──────── DATA EXCERPT
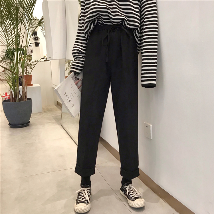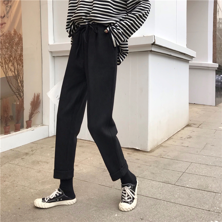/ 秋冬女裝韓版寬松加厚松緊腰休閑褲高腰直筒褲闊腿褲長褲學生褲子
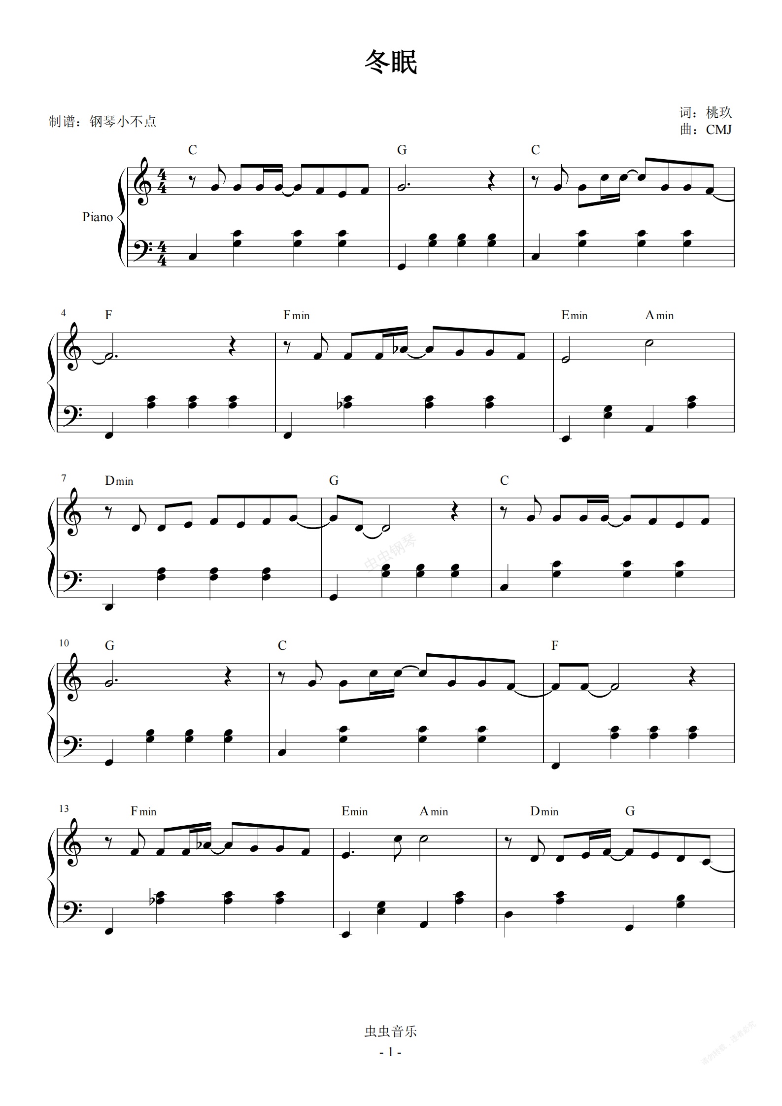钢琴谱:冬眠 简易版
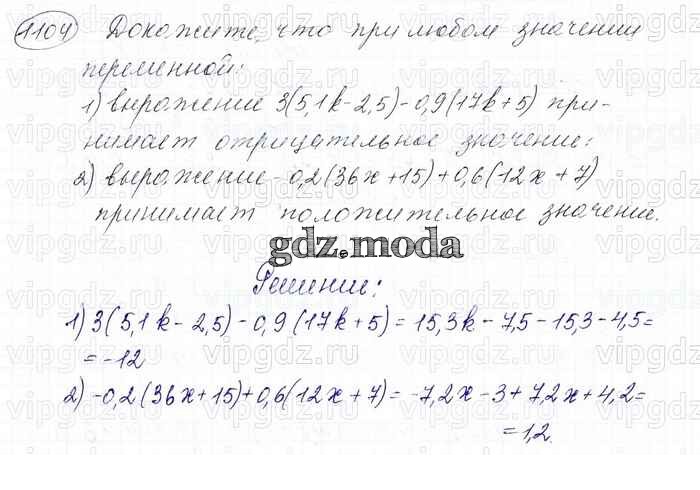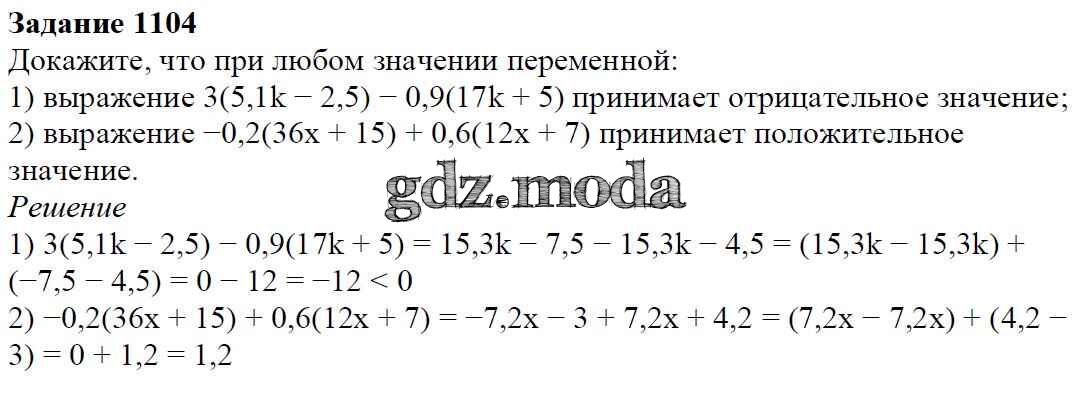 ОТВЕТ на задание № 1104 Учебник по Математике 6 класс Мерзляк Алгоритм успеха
────────────────
■ WHAT TO DO: With the pictures removed, set down the entire listing exactly.

■ YOUR RESPONSE:
/ 秋冬女裝韓版寬松加厚松緊腰休閑褲高腰直筒褲闊腿褲長褲學生褲子
钢琴谱:冬眠 简易版
 ОТВЕТ на задание № 1104 Учебник по Математике 6 класс Мерзляк Алгоритм успеха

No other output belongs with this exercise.